## Required work:
Word for word, restate the lines from the top of the records below through the line with "Pack of 5 Futuristic", both included, with no pictures in the result.

## Provided entries:
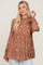 A floral babydoll top featuring a ruffle accent high neck, long cinched sleeves, an a back keyhole closure.
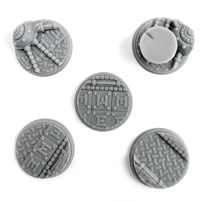Pack of 5 Futuristic Industrial Textured Bases, 32mm (1.26 inches) Diameter
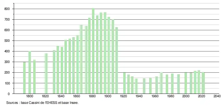L'évolution du nombre d'habitants est connue à travers les recensements de la population effectués dans la commune depuis 1793. Pour les communes de moins de 10 000 habitants, une enquête de recensement portant sur toute la population est réalisée tous les cinq ans, les populations de référence des années intermédiaires étant quant à elles estimées par interpolation ou extrapolation[24]. Pour la commune, le premier recensement exhaustif entrant dans le cadre du nouveau dispositif a été réalisé en 2006[25].
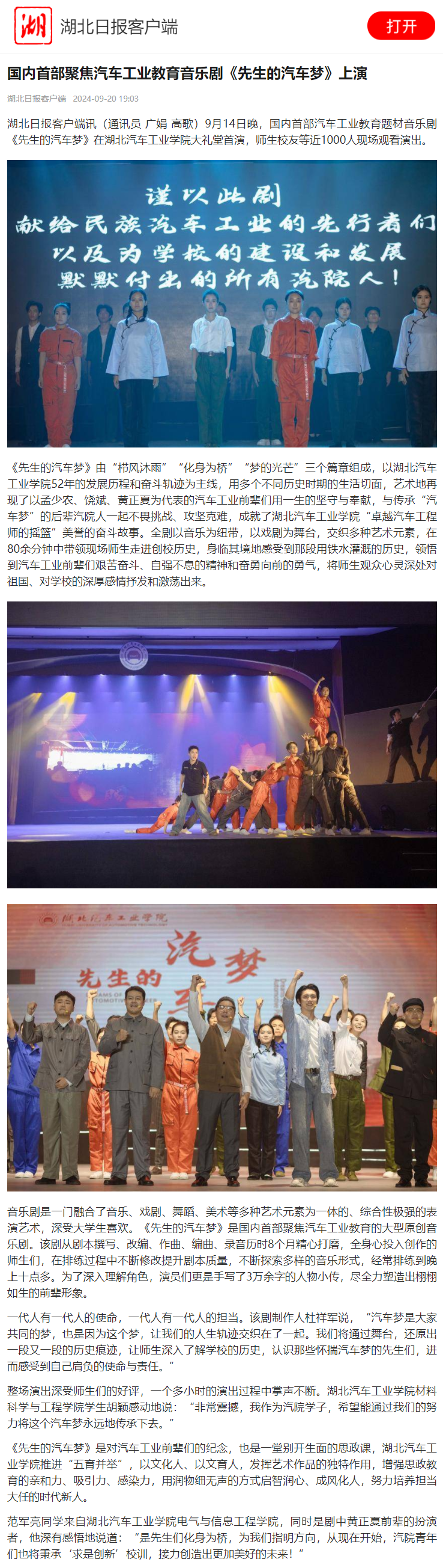 【湖北日报】国内首部聚焦汽车工业教育音乐剧《先生的汽车梦》上演
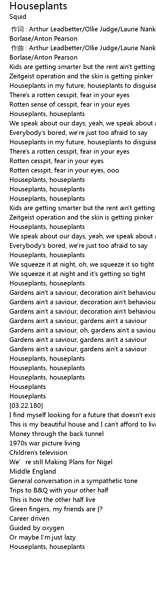 | [00:58.122] | Houseplants in my future, houseplants to disguise |

## Task response:
 A floral babydoll top featuring a ruffle accent high neck, long cinched sleeves, an a back keyhole closure.
Pack of 5 Futuristic Industrial Textured Bases, 32mm (1.26 inches) Diameter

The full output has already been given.